Paying out "contract laborers" is hazardous for small business. Be careful.

What is at risk?
Add up the amount you have paid "contract laborers" in a year's time. Multiply the amount by 15%. That is the amount IRS could demand that you pay. Multiply that by the last several years. Add the interest and penalty.

But I have a written agreement with the contract laborer?
I have an authentic-looking $1,000 bill with a portrait of the the Statue of Liberty. It has the words "legal tender for all debts, public and private." It is still worthless.

  1. I, John Smythe, understand and agree that I am not an employee of Deserk St Exxon.
  2. I understand that taxes will not be withheld from my compensation because I am an independent contractor.
  3. I further agree that I will be fully responsible for my own taxes.

This does not work. The IRS says that a person either is or is not an independent contractor. If you can control the hours, supervise or train the employee, and provide the tools to do the work, that person is clearly an employee. If you are not certain, IRS expects you to ask them using Form SS-8. You can fill-in this form online then print it out.

If you must have a written "agreement," instead use this STATEMENT TO INDEPENDENT CONTRACTOR instead. It is a statement, not an agreement.

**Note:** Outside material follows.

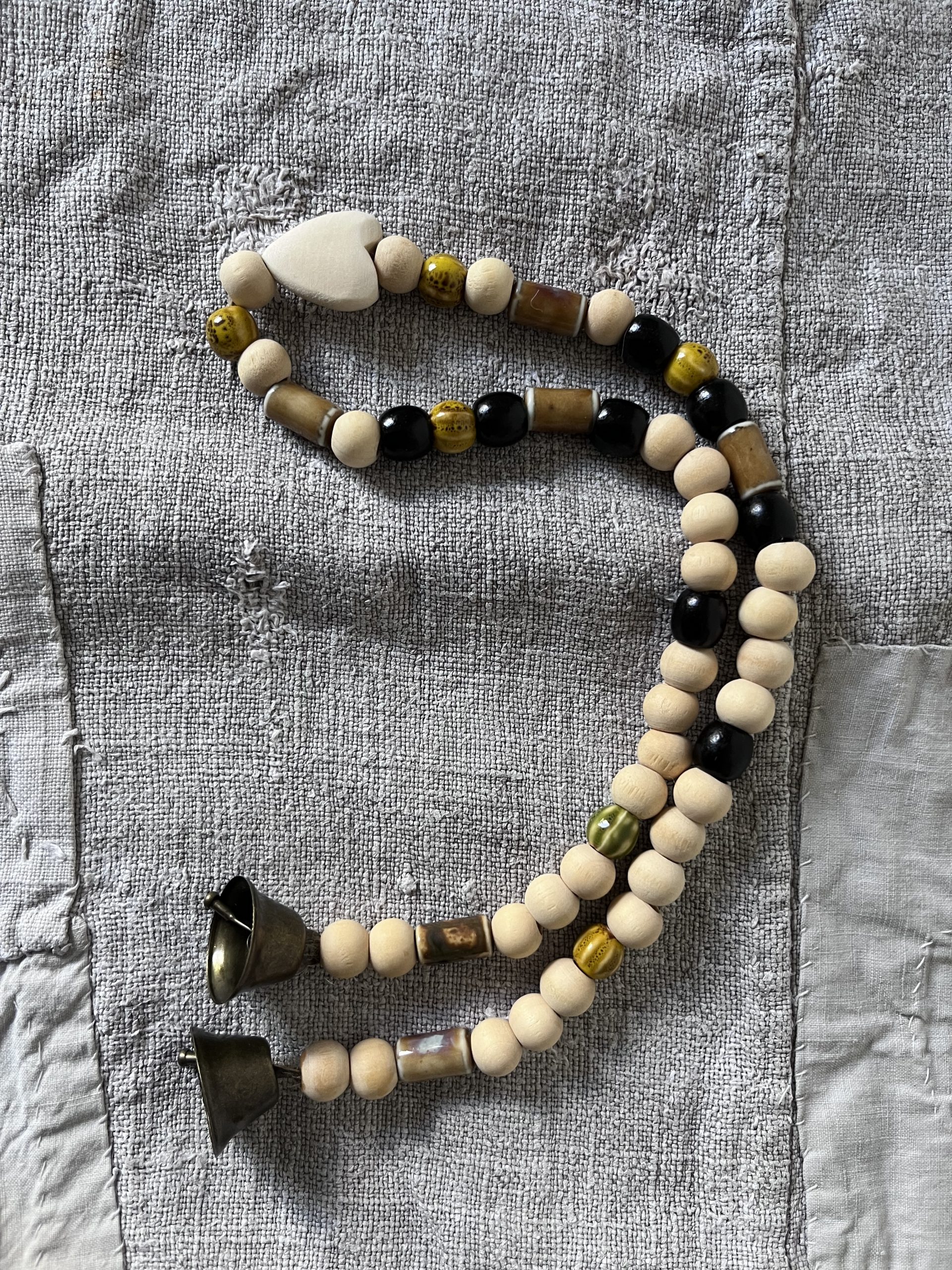 – C : guirlande ton moutarde composée perles en bois, cœur et petites clochettes.

This could happen, but does it ever happen?

Here's how it happens.

  1. You have a firm written agreement with a contract laborer.
  2. At the end of the year, you give him his Form 1099 showing $20,000.
  3. He goes to H&R Block, Hewitt-Jackson, Econotax, or other tax preparation service.
  4. The tax return preparer tells him he owes $4,000. He becomes enraged and makes a scene.
  5. To shift the blame to someone else, the preparer blames you for not holding out taxes.
  6. The preparer tells him about Form SS-8.
  7. "You might be able to get IRS to collect the tax from your employer," he explains.
  8. They file Form SS-8.
  9. There is about a 50:50 chance that IRS will take up the issue against you.
  10. You show the IRS agent the written agreement.
  11. The agent asks to keep the agreement as evidence that you deliberately avoided holding out taxes.

What do I do if I have this situation?
These are my suggestions:

  1. Ask me to write you a letter telling you that you cannot continue to do this.
  2. Fill out Form SS-8 with or without the employee's knowledge. The IRS will tell you in writing whether the person is an employee.
  3. Be done with it and give him a choice of being paid as an employee or being fired.